Records shown:

"""

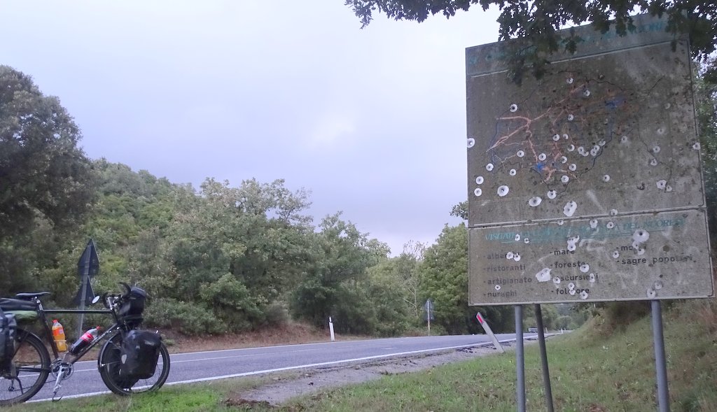 Ce sont surtout les montées qui sont marquantes. Le vent tourbillonnant n'arrange pas les choses. Je me trompe dans un embranchement et suis contraint de monter dans des pistes empierrées. Heureusement la circulation est quasi nulle. Je pense ne pas atteindre la petite ville Orgasolo. J'ai toujours un peu de nourriture et la tente. Bout de gruyère avec du pain, banane, jus de fruit, ce sera le casse-croûte de la virée.
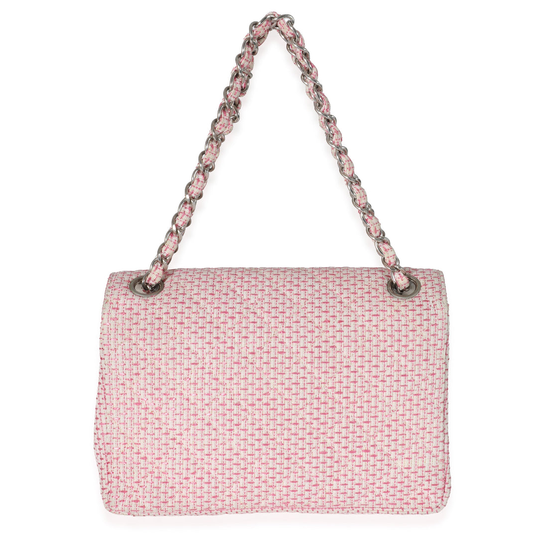 CHANEL Woven Raffia Pink White Small CC Shoulder Flap Bag
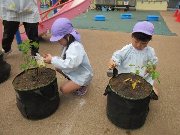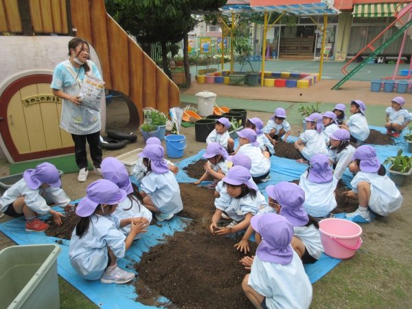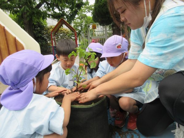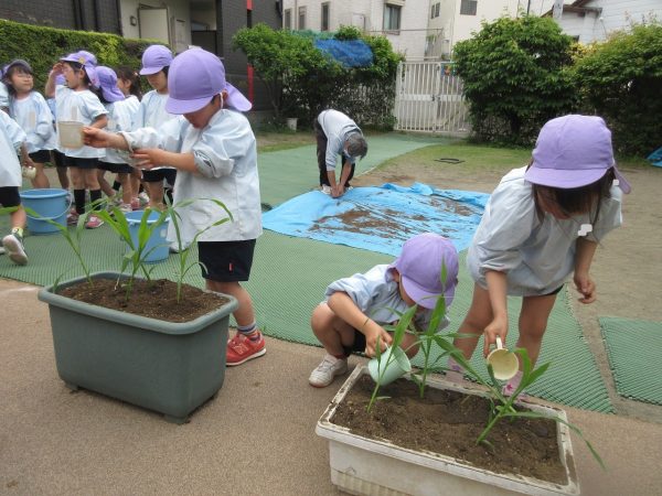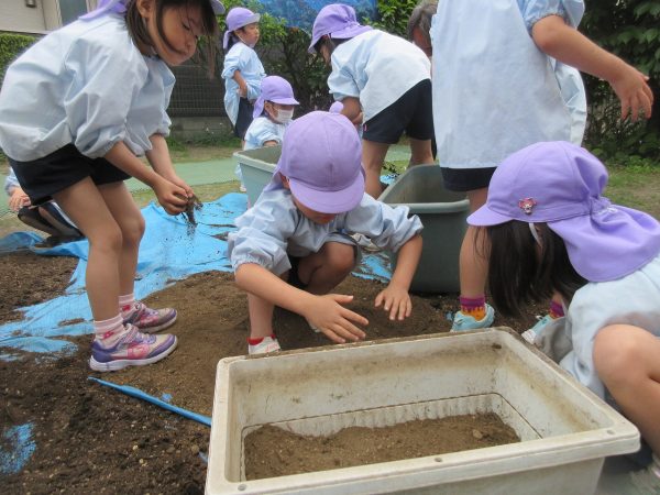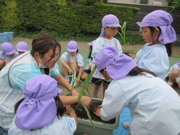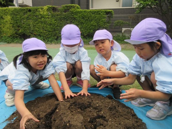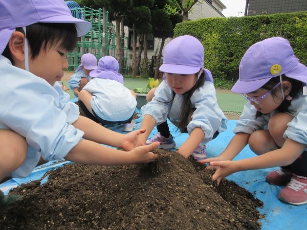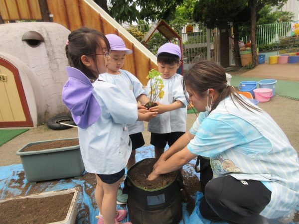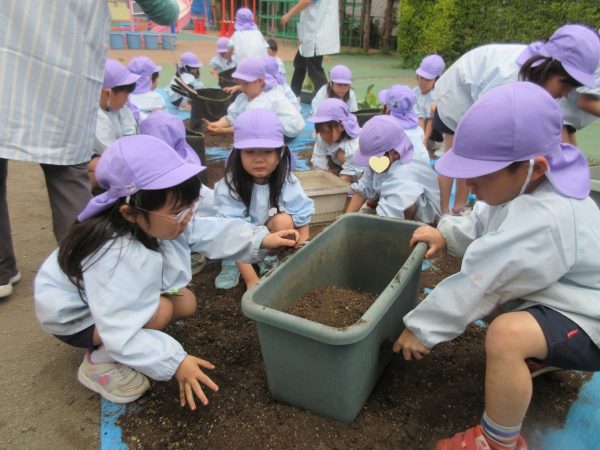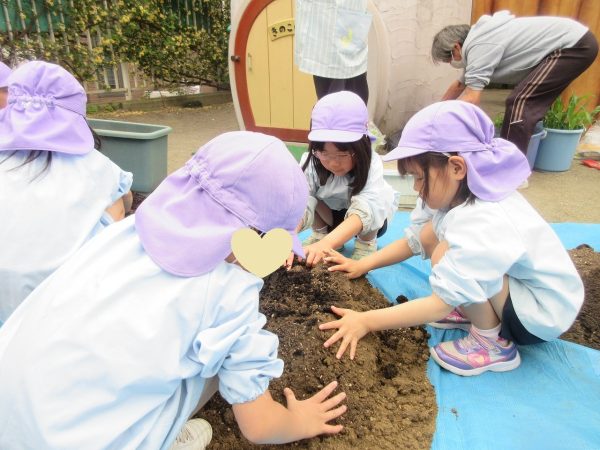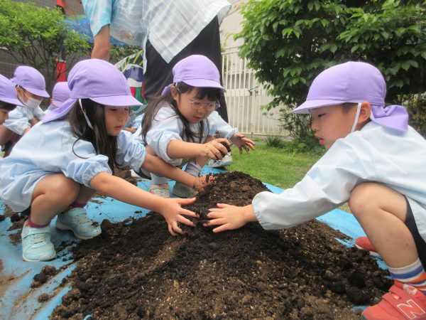 🌽『苗を植えるよ⋯』🥔~みんなで話し合って、トウモロコシとジャガイモを育てることにしたよ。まずは土作り! 腐葉土を混ぜてからよ~くかき混ぜて、プランターに移したら苗を植えるんだ。苗を優しく植えてあげたら、水やりもして⋯ 「大きく、大きく 育ちますように‼」
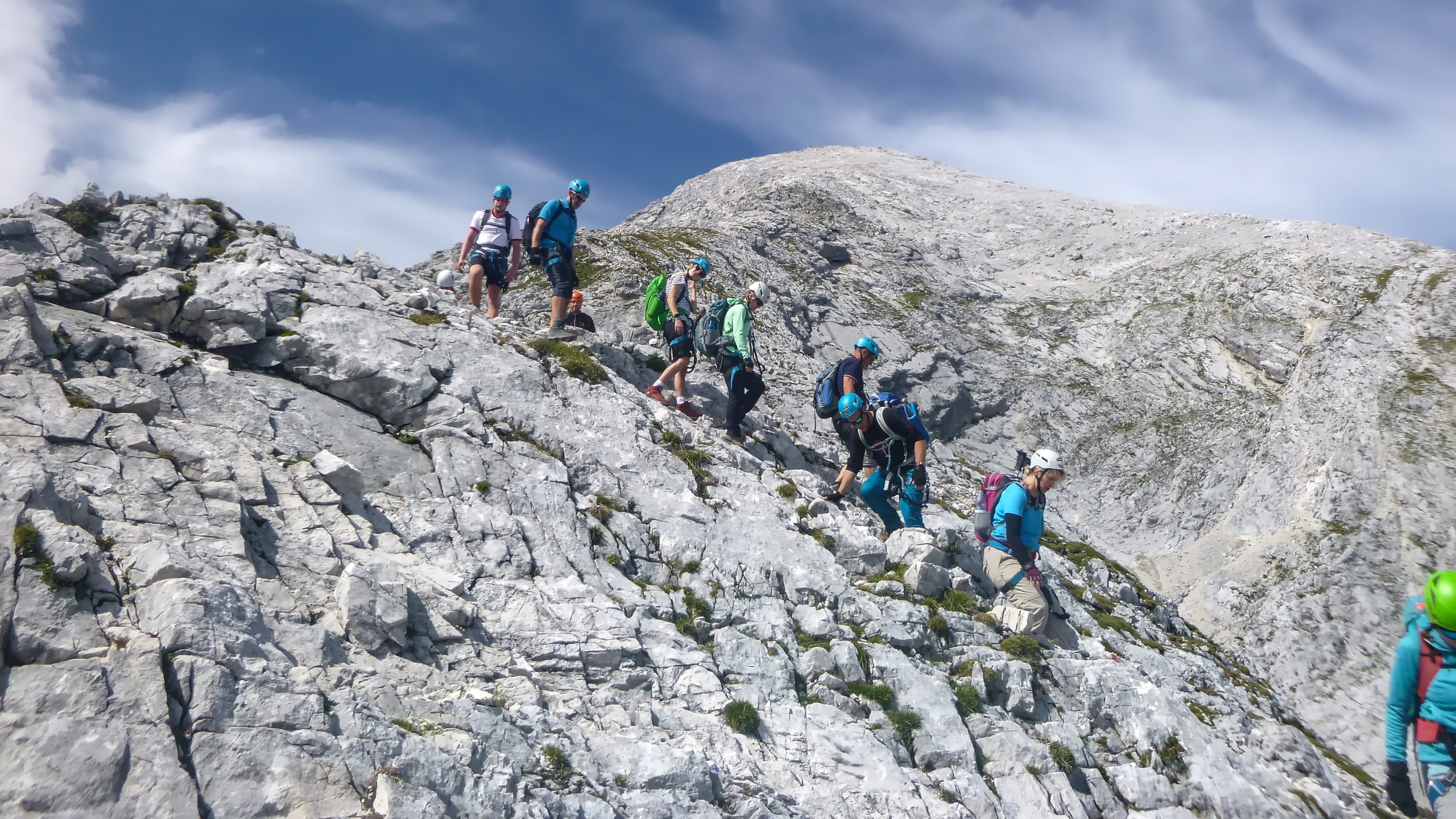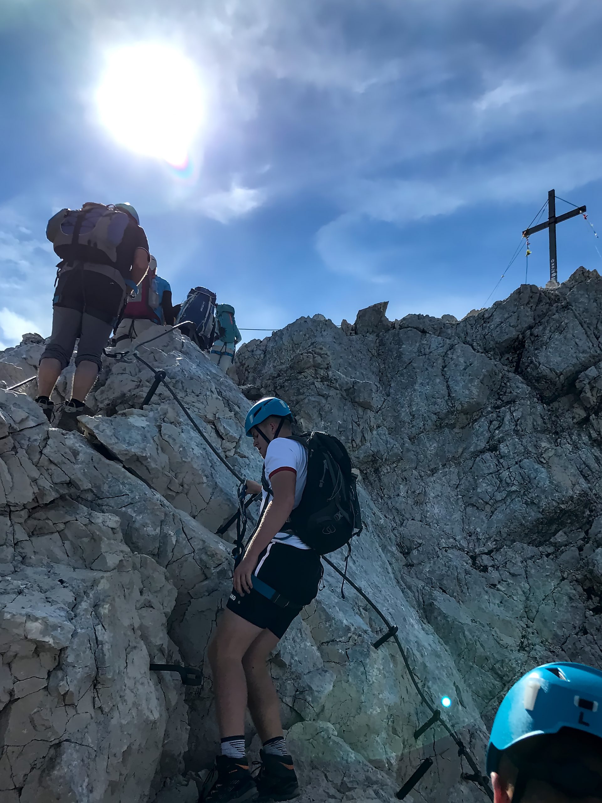 Nachdem alle den Ausblick genossen, Gipfelfotos geschossen und eine Brotzeit zu sich genommen hatten, machten wir uns mit der Gruppe an den Abstieg. Dieser führte uns über den Ostgrat Klettersteig, der zunächst ziemlich steil und ungesichert über ein langes loses Geröllfeld verlief. Das war sehr anstrengend, da man immer wieder auf dem Geröll ins Rutschen kam. Auf dem Ostgrat fing dann wieder eine teilweise mit Drahtseil gesicherte Passage an. Das hinunterklettern empfanden wir beide als viel anstrengender. Das lag vermutlich daran, dass wir einerseits natürlich schon Kraft beim Hochklettern gelassen hatten aber andererseits der Blick auch immer nach unten ging, was ich wenigstens im Kopf anstrengender empfand. Außerdem war der Abstieg lange nicht so durchgehend gesichert wir der Aufstieg.
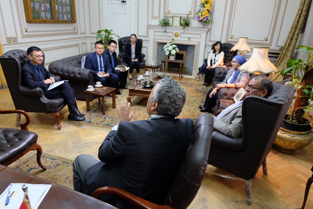 团队第二站参访了开罗大学人文学院。学院院长艾哈迈德•沙尔比尼(Ahmed El-Sherbini)和中文系系主任、孔子学院阿方院长李哈布(Rehab)接见了团队师生。双方表示愿意在既有的合作基础上,发挥各自的语言及学科优势,进一步扩展开罗大学人文学院和古天乐代言太阳集团138间的学术合作与人员交流。
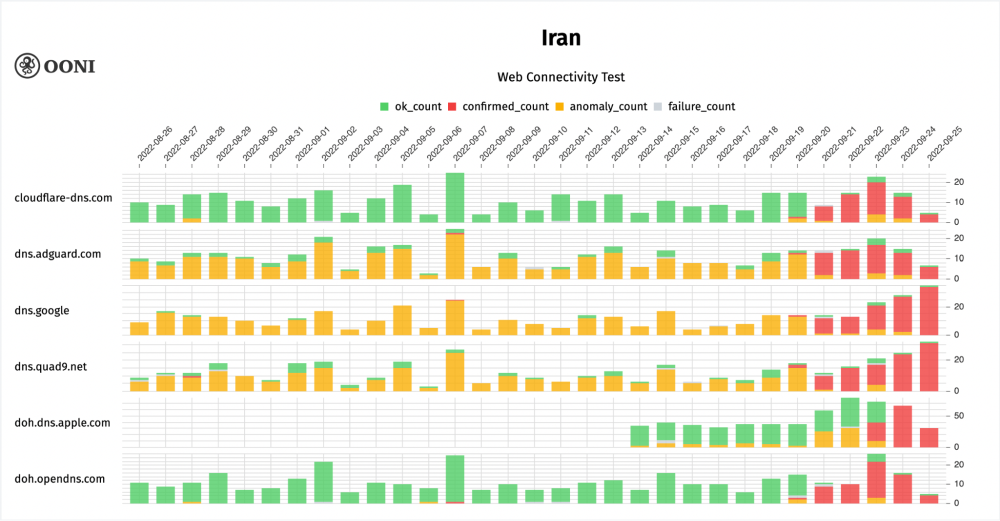 Figure 12: OONI data on the blocking of popular DNS over HTTPS endpoints in Iran between August 2022 to September 2022 (source: OONI MAT).

"""

Work request: In the copy, include no pictures; otherwise transcribe the entries exactly.

Exercise response:
 Ce sont surtout les montées qui sont marquantes. Le vent tourbillonnant n'arrange pas les choses. Je me trompe dans un embranchement et suis contraint de monter dans des pistes empierrées. Heureusement la circulation est quasi nulle. Je pense ne pas atteindre la petite ville Orgasolo. J'ai toujours un peu de nourriture et la tente. Bout de gruyère avec du pain, banane, jus de fruit, ce sera le casse-croûte de la virée.
 CHANEL Woven Raffia Pink White Small CC Shoulder Flap Bag
 🌽『苗を植えるよ⋯』🥔~みんなで話し合って、トウモロコシとジャガイモを育てることにしたよ。まずは土作り! 腐葉土を混ぜてからよ~くかき混ぜて、プランターに移したら苗を植えるんだ。苗を優しく植えてあげたら、水やりもして⋯ 「大きく、大きく 育ちますように‼」
 Nachdem alle den Ausblick genossen, Gipfelfotos geschossen und eine Brotzeit zu sich genommen hatten, machten wir uns mit der Gruppe an den Abstieg. Dieser führte uns über den Ostgrat Klettersteig, der zunächst ziemlich steil und ungesichert über ein langes loses Geröllfeld verlief. Das war sehr anstrengend, da man immer wieder auf dem Geröll ins Rutschen kam. Auf dem Ostgrat fing dann wieder eine teilweise mit Drahtseil gesicherte Passage an. Das hinunterklettern empfanden wir beide als viel anstrengender. Das lag vermutlich daran, dass wir einerseits natürlich schon Kraft beim Hochklettern gelassen hatten aber andererseits der Blick auch immer nach unten ging, was ich wenigstens im Kopf anstrengender empfand. Außerdem war der Abstieg lange nicht so durchgehend gesichert wir der Aufstieg.
 团队第二站参访了开罗大学人文学院。学院院长艾哈迈德•沙尔比尼(Ahmed El-Sherbini)和中文系系主任、孔子学院阿方院长李哈布(Rehab)接见了团队师生。双方表示愿意在既有的合作基础上,发挥各自的语言及学科优势,进一步扩展开罗大学人文学院和古天乐代言太阳集团138间的学术合作与人员交流。
 Figure 12: OONI data on the blocking of popular DNS over HTTPS endpoints in Iran between August 2022 to September 2022 (source: OONI MAT).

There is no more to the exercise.